50-60% of people who talked to an operator, address the company to order service (stage 3). Others call to answer a question, learn about the pricing, etc. About a half of the 50-60% of the people who order a service, sign up for a doctor’s appointment (stage 4). Only 20% of such people actually get to the clinic (Stage 5).
Around 30% of customers who come to the clinic aren’t the target audience for marketers, such as the insurance owners. Finally, 60% of people, attracted by marketers’ efforts, are actually new patients (stage 7). As a result, only 8% of the new customers convert.
The cost is about $8 per phone call. Having such a multilevel funnel, the CAC is around $91, while the business margin is 20-30% on average. To improve the margin, marketers from the clinic decided to learn which channels bring the most targeted traffic, and invest in them more.
For starters, to implement the marketing analytics, it was needed to merge all the data collected and stored in different systems:
The CRM system wasn’t the best option for merging data due to a set of limitations, like no API to import data from other systems. That’s why the company used Google BigQuery to collect together all the data via OWOX BI Pipeline as it’s affordable and easy to implement.
Below is the data flowchart of the clinic:
Now let’s jump into how the data goes around this schema.
The necessary metric system on the clinic’s website was implemented to get data on online user actions in Google Analytics. The specialists also set up OWOX BI Pipeline to send the user behavior to Google BigQuery as well, providing access to the raw unsampled data in near-real time.
OWOX BI Pipeline also allowed the specialists to set up the automatic cost data import for the clinic. The data from Facebook is first sent to Google Analytics. Next, in Google Analytics, this data is combined with the Google Ads data (it goes to Google Analytics due to the native integration). Then, all the combined cost data is imported to Google BigQuery, where it can be merged with the user behavior data and the info on the actual clinic visits by patients.

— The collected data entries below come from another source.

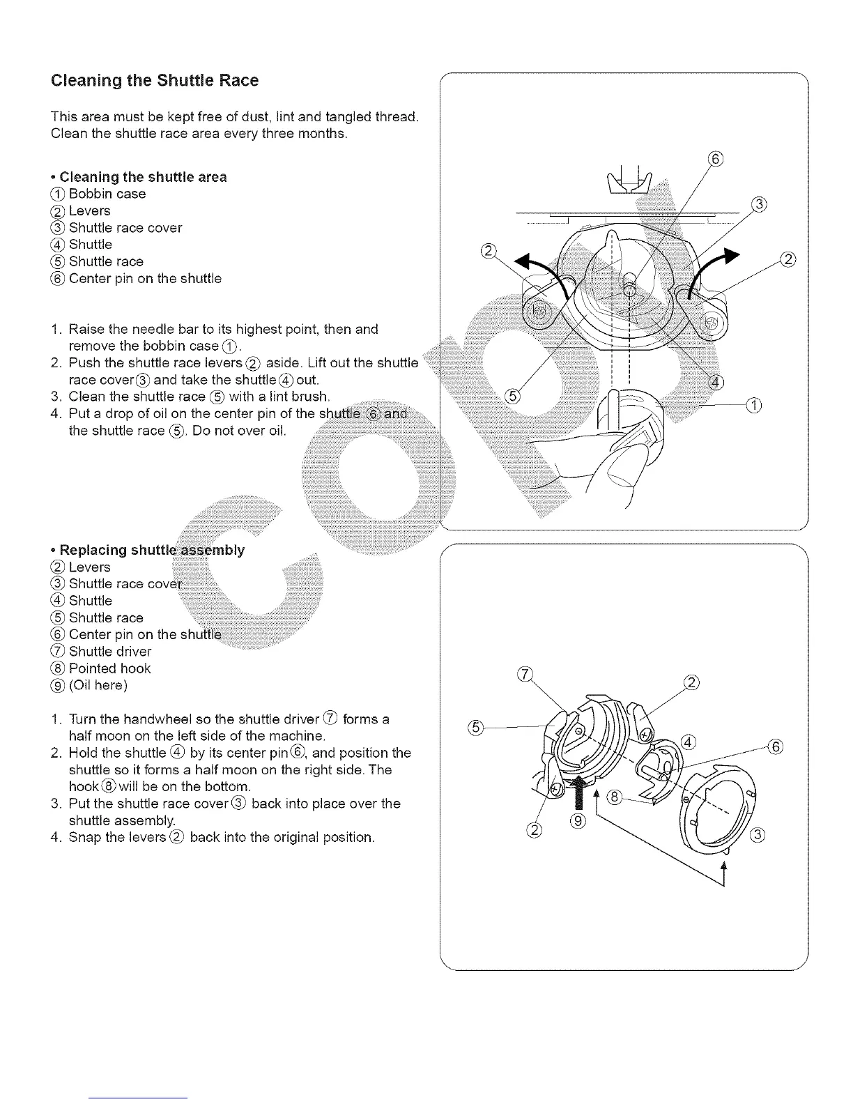 the shuttle race (_. Do not over oil.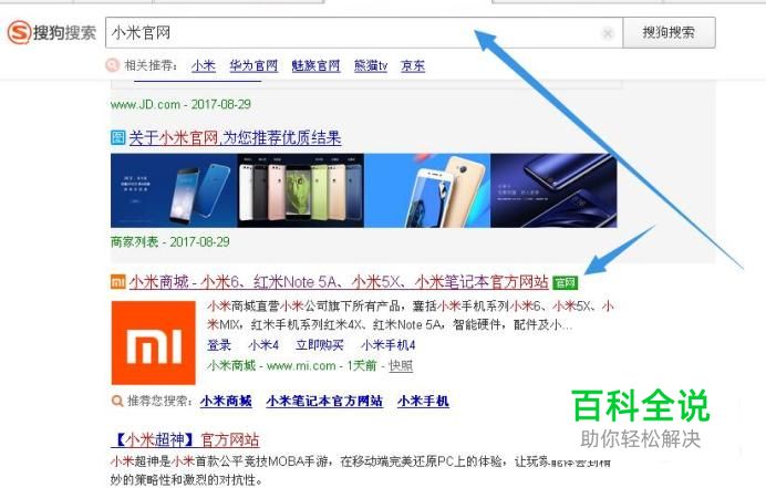 搜索小米官网 打开浏览器,输入小米官网,点击搜索,选择搜索结果中带有官网标志的网页。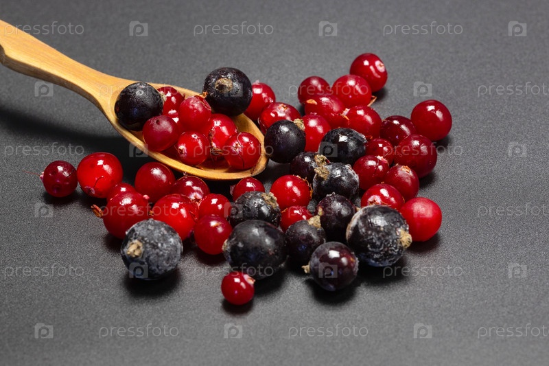 Замороженная черная смородина и клюква на деревянной ложке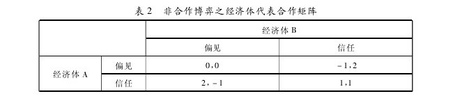 假设两个经济体代表 A 和 B 在相互信任时可获得收益为 1 单位的效用;如果一方坚持信任的策略,可获得收益为 2 单位的效用,另一方因坚持偏见而不合作,则效用下降至 -1;如果双方互不信任,各方均受偏见的危害,导致双方效用都降至 0,没有因此而获益。双方只想最大化自身效用而没有任何其他目标,并且各方对另一方的效用有无均不关心,最终双方无法相互达成一致协议,无形中提高了双方各自的交易成本,受制于对方更高的市场准入障碍并无法获得任何效用。显然,双方都不希望出现这种公共悲剧,任何一方都希望获得最大收益,然而,这种结果只能在各方参与人达成一个具有约束力的协议下才可能出现。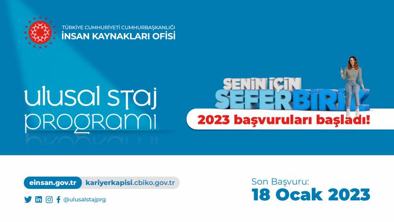Cumhurbaşkanlığı İnsan Kaynakları Ofisi tarafından hayata geçirilmiş olan Ulusal Staj Programı'nın 2023 başvuruları başlamıştır.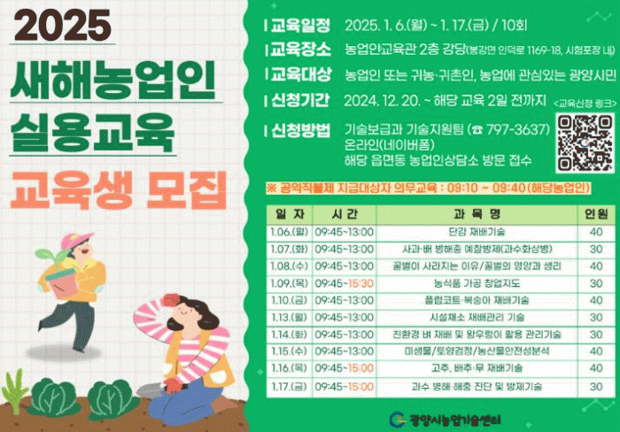 [¹Ìµð¾îÀü³² ÀÓ¼º¿Ï ±âÀÚ]±¤¾ç½Ã´Â 2025³â »õÇØ³ó¾÷ÀÎ ½Ç¿ë±³À° ±³À°»ýÀ» ¸ðÁýÇÑ´Ù°í 23ÀÏ ¹àÇû´Ù. ¡®»õÇØ³ó¾÷ÀÎ ½Ç¿ë±³À°¡¯Àº ±âÈÄ ¹× ³ó¾÷ȯ°æ º¯È¿¡ µû¸¥ ³ó¾÷Á¤Ã¥ ¿¬°è ±³À°ÀÌ´Ù. ½Ã´Â ³ó¾÷ÀÎÀÇ ¿µ³ó°èȹ ¼ö¸³À» µ½°í, ÀÛ¹° Àç¹è¡¦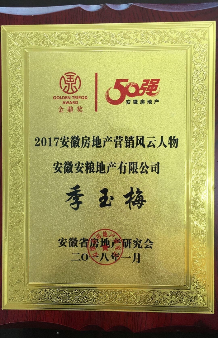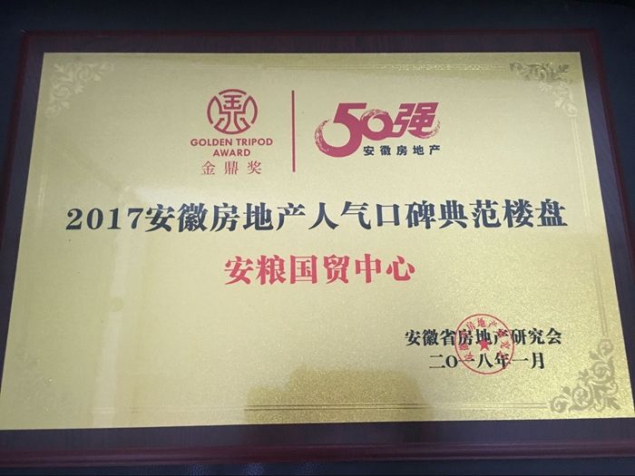 安徽眾多優(yōu)秀品牌房企群雄逐鹿,經(jīng)由安徽百萬地產(chǎn)精英、數(shù)十位行業(yè)專家及大眾評審親鑒共證,安糧地產(chǎn)實力所歸,勇奪金鼎!榮獲2017年安徽房地產(chǎn)綜合實力50強(qiáng)第8位及2017年安徽房地產(chǎn)十大優(yōu)秀誠信企業(yè),安糧國貿(mào)中心項目榮獲2017安徽房地產(chǎn)人氣口碑典范樓盤。同時,安糧國貿(mào)中心營銷總監(jiān)季玉梅榮獲2017安徽房地產(chǎn)營銷風(fēng)云人物。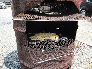 手作りのピザ窯を使って、これまた手作りのピザを焼いて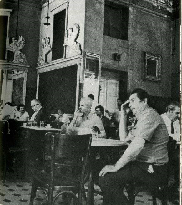 Ένα ατέρμονο κοινωνικό μελίσσι, στο μεγαλοπρεπές καφενείο, με τα αχανή μαρμάρινα τραπεζάκια του, τους κιτρινισμένους από το διάβα του χρόνου τοίχους της λαδομπογιάς, που επικάλυπταν οι επιβλητικοί καθρέπτες στηριζόμενοι στις ιπτάμενες σφίγγες και τα πανύψηλα ταβάνια με τις ανάγλυφες παραστάσεις, που επίσης υπέβαλαν ψυχολογικά τους πελάτες ! Ένα μικρό θαύμα στο κέντρο της πόλης, που συνταίριαζε μέσα στο πολύπλαγκτο ηθικό και κοινωνικό του χρώμα, ολάκερη την κοινωνική ταυτότητα της Αθήνας. Όμως όλα αυτά έχουν περάσει στο παρελθόν, μαζί με τα στοιχεία της Αθήνας, για αυτή την χρονική περίοδο της κεντρικής περιοχής της Ομονοίας, που πάντα υπήρξε ένας οδοδείκτης στην ζωή της πόλης. Πρίν λίγα χρόνια πάραυτα, το καφενείο ξανάνοιξε τις πόρτες του, με άλλη χρήση – ως κατάστημα της αλυσίδας φούρνων «Βενέτη» – αλλά διατηρώντας τα ατίμητα εσωτερικά διακοσμητικά του στοιχεία και μαζί τους, τις αξέχαστες αναμνήσεις της αθηναϊκής κοινωνίας για αυτό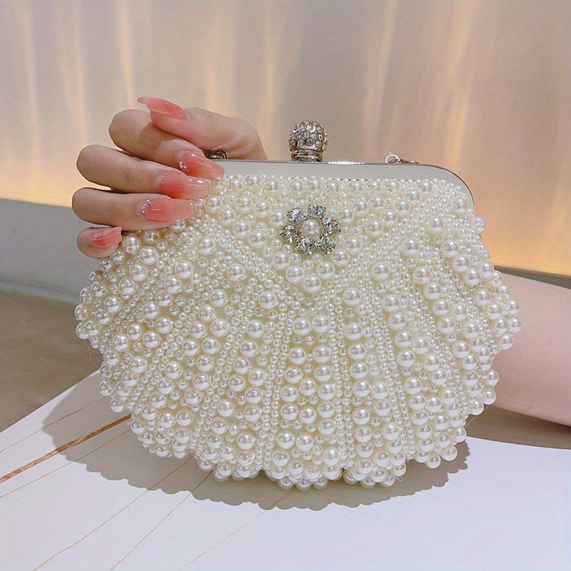 حقيبة سهرة مميزة، مشبك سلسلة معدنية، حقيبة حفلة بمقبض زهري للزفاف
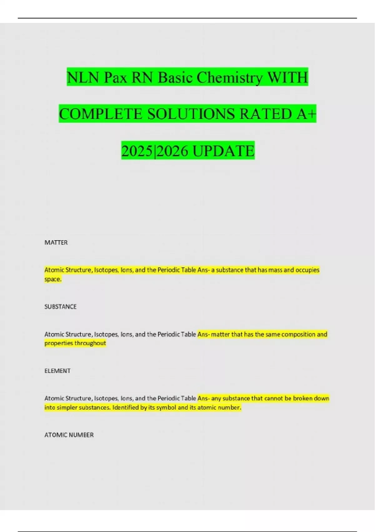 NLN Pax RN Basic Chemistry WITH COMPLETE SOLUTIONS RATED A+ 2025|2026 UPDATE MATTER Atomic Structure, Isotopes, Ions, and the Periodic Table Ans- a substance that has mass and occupies space. SUBSTANCE Atomic Structure, Isotopes, Ions, and the Periodic Table Ans- matter that has the same composition and properties throughout ELEMENT Atomic Structure, Isotopes, Ions, and the Periodic Table Ans- any substance that cannot be broken down into simpler substances. Identified by its symbol and its atomic number. ATOMIC NUMBERAtomic Structure, Isotopes, Ions, and the Periodic Table Ans- is equal to the number of protons found in the nucleus. MASS NUMBER Atomic Structure, Isotopes, Ions, and the Periodic Table Ans- number of protons and neutrons (nucleons) in the nucleus of an atom ISOTOPE Atomic Structure, Isotopes, Ions, and the Periodic Table Ans- atoms of the same element with the same atomic number but with different numbers of neutrons ATOMIC MASS Atomic Structure, Isotopes, Ions, and the Periodic Table Ans- The atomic mass may be considered to be the total mass of protons, neutrons and electrons in a single atom. ION Atomic Structure, Isotopes, Ions, and the Periodic Table Ans- atom that has a positive or negative charge ATOM Atomic Structure, Isotopes, Ions, and the Periodic Table Ans- smallest unit of an element that still retains the properties of that element consists of thre subatomic particles. PROTON Atomic Structure, Isotopes, Ions, and the Periodic Table Ans- a subatomic particle that has a positive charge and that is found in the nucleus of an atom
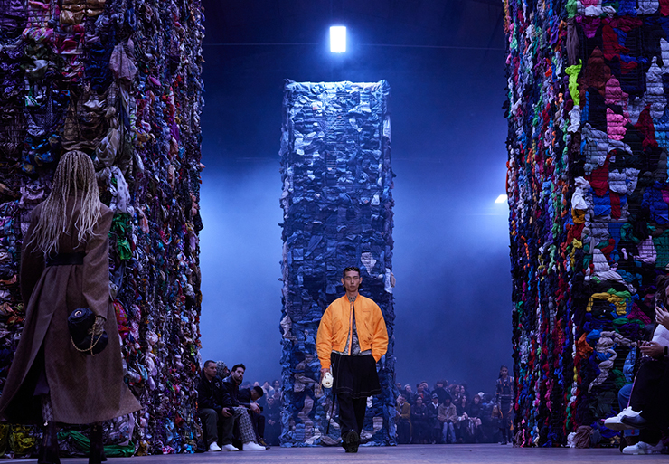 스카프, 토트백, 그리고 데님으로 만든 8미터 높이의 데드 스톡 타워. 2023 F/W 마린 세르의 런웨이에는 재사용 소재로 세워진 세 개의 타워가 위용을 드러냈다. 지속가능성에 남다른 책임감을 지닌 디자이너 마린 세르는 이번에도 50%의 룩을 업사이클 소재로, 나머지 절반은 생분해성 원사와 재활용 직물을 사용해 완성했다. 또한 세 개의 타워는 그녀가 선보일 컬렉션의 장엄한 예고편과도 같았는데 그도 그럴 것이 토트백, 데님, 스카프 조각으로 만든 룩들이 차례로 런웨이에 등장했기 때문.
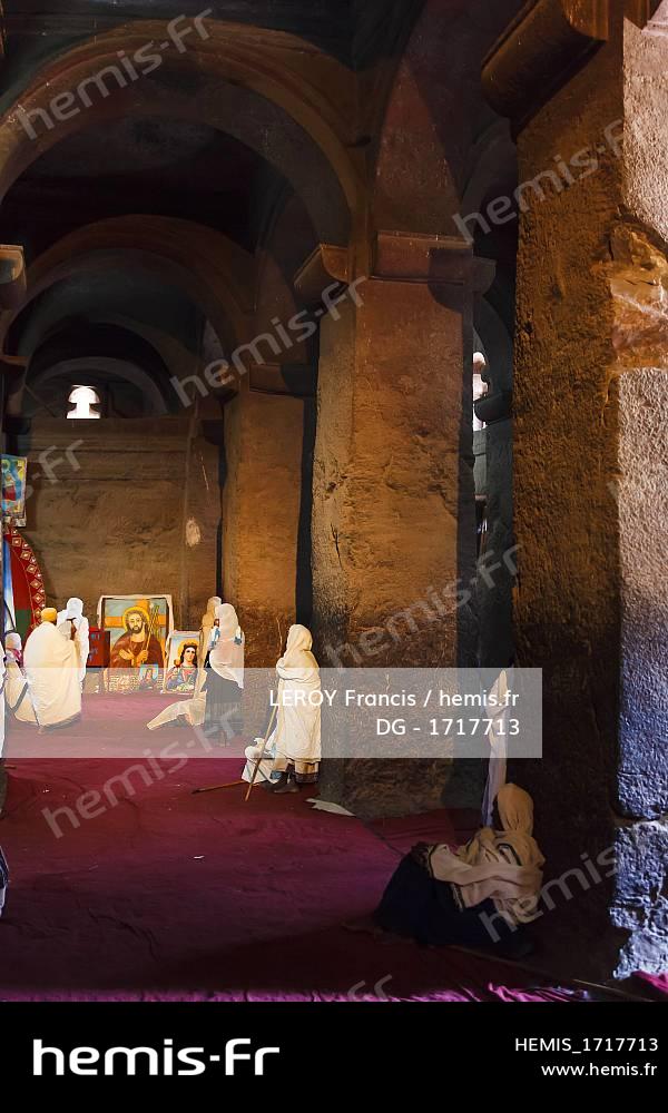 Ethiopia, Amhara region, Lalibela, churchgoers inside the rock-hewn church Bet Medhane Alem listed as World Heritage by UNESCO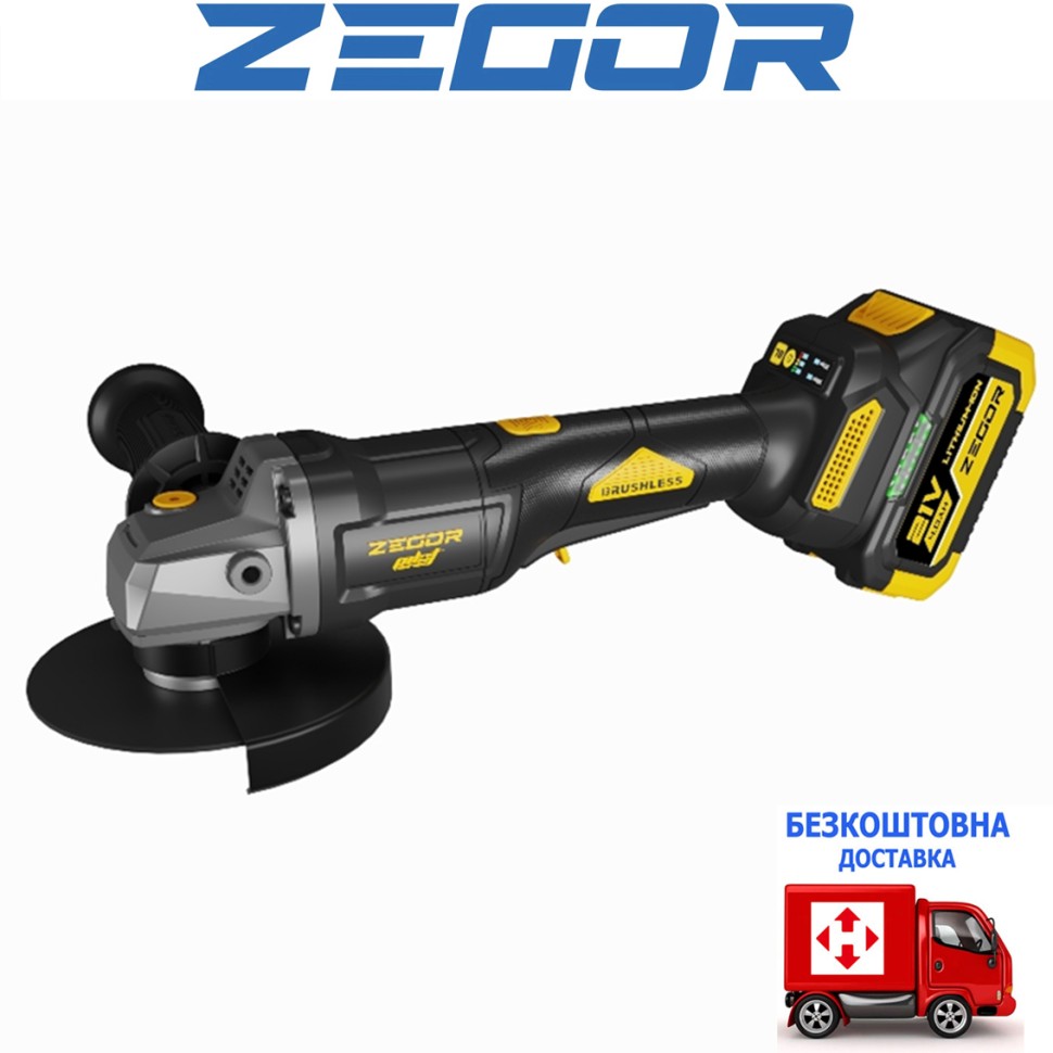 Машина акумуляторна кутова шліфувальна ZEGOR AGTG-21BL-125 1*(21V, 4Ач), безщіткова, у кейсі (Серія Tiger)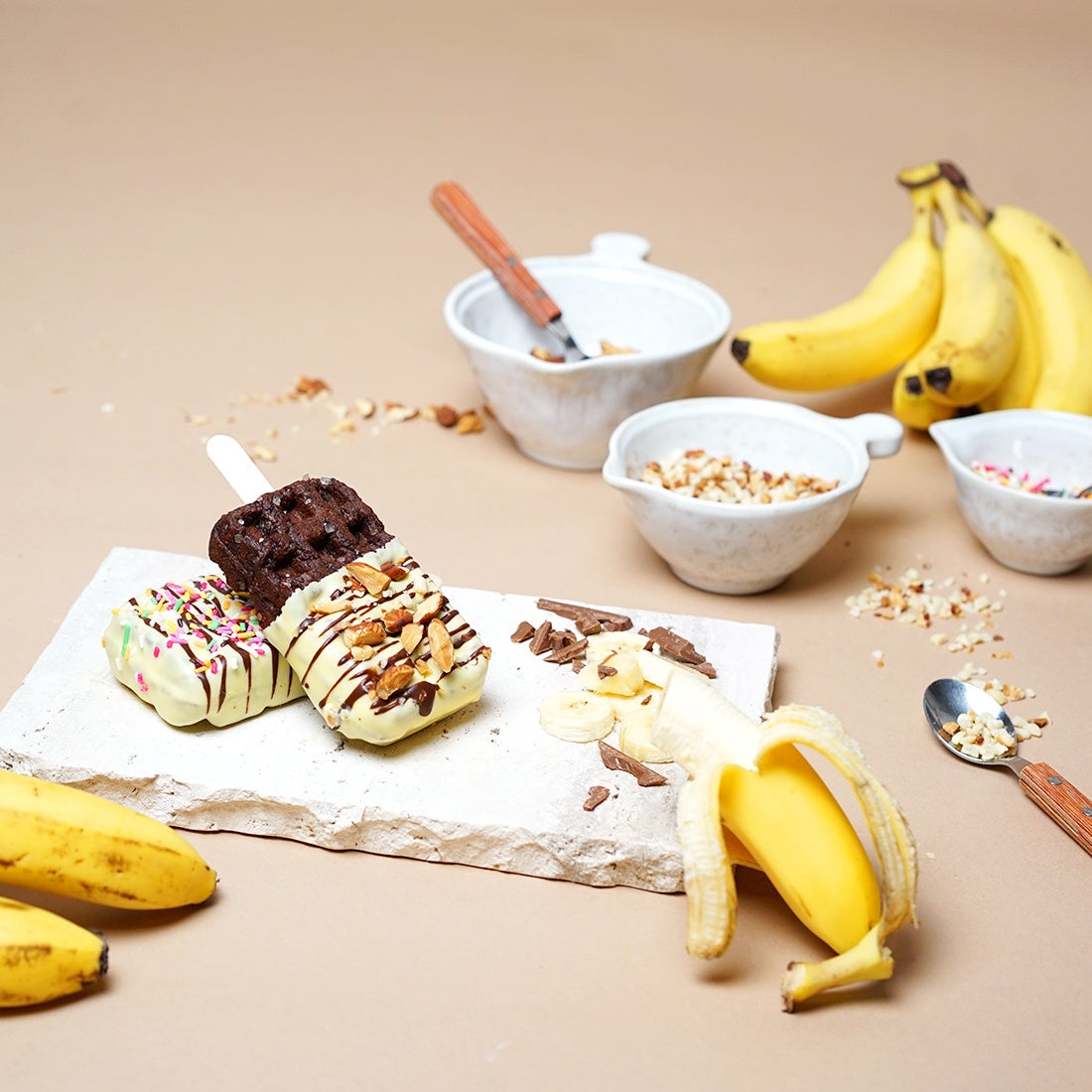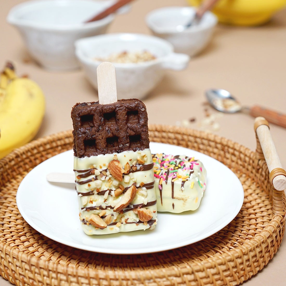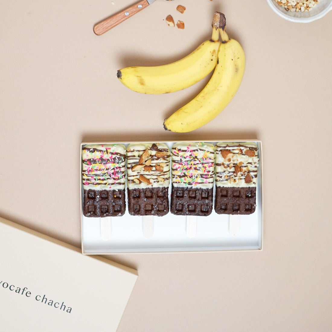 『冷やして食べる京ワッフル 〜チョコバナナ〜』は、夏の風物詩である”縁日”の屋台に並ぶチョコバナナをイメージした、華やかなフレーバーです。

It works like this: someone comes to the website, sees a contact phone number (unique for each ad campaign), and calls the clinic. Once the call is over, the call tracking service provides the call source, medium, and keyword. As the call tracking system is already integrated with the clinic system, data on calls get to the clinic almost immediately, where it gets connected with the doctor’s appointments. Next, this data is automatically imported to Google BigQuery, via the Measurement Protocol.
Having combined all the data in Google BigQuery, the team configured reports in Google Sheets and Data Studio for the clinic. Using these reports, marketers can track the performance of all their ad efforts.
You can see an example of the high-level report above. The marketers use it to analyze the performance of the ad channels and certain campaigns within the channels. For example, over 1,000 CPC ads are divided into Brand, Geo, and Visit cards. In the table, you can find how much money is spent on each of the CPC ad groups and what results the clinic gets from them: total number and costs per a call, a visit to the clinic, and a new patient.
Marketers track all the channels, including direct visits to the website, and even have a special parameter for noisy calls (Code not working in the table above). If the call tracking system fails, and the phone number isn’t substituted at the website, such calls still get to the report. This way the phone call errors can be tracked and a timely reaction to the call tracking failures will be provided.
The marketers now carefully check every channel and build more detailed reports for the most effective and the least effective channels, should that be necessary.
The Data Studio dashboard allows to track the changes in the number of sessions, calls, and new patients across ad channels. Such a report also allows one to compare the total expenses with the cost per click, the total number of calls with the cost per call, the total number of new patients, and the cost per new patient.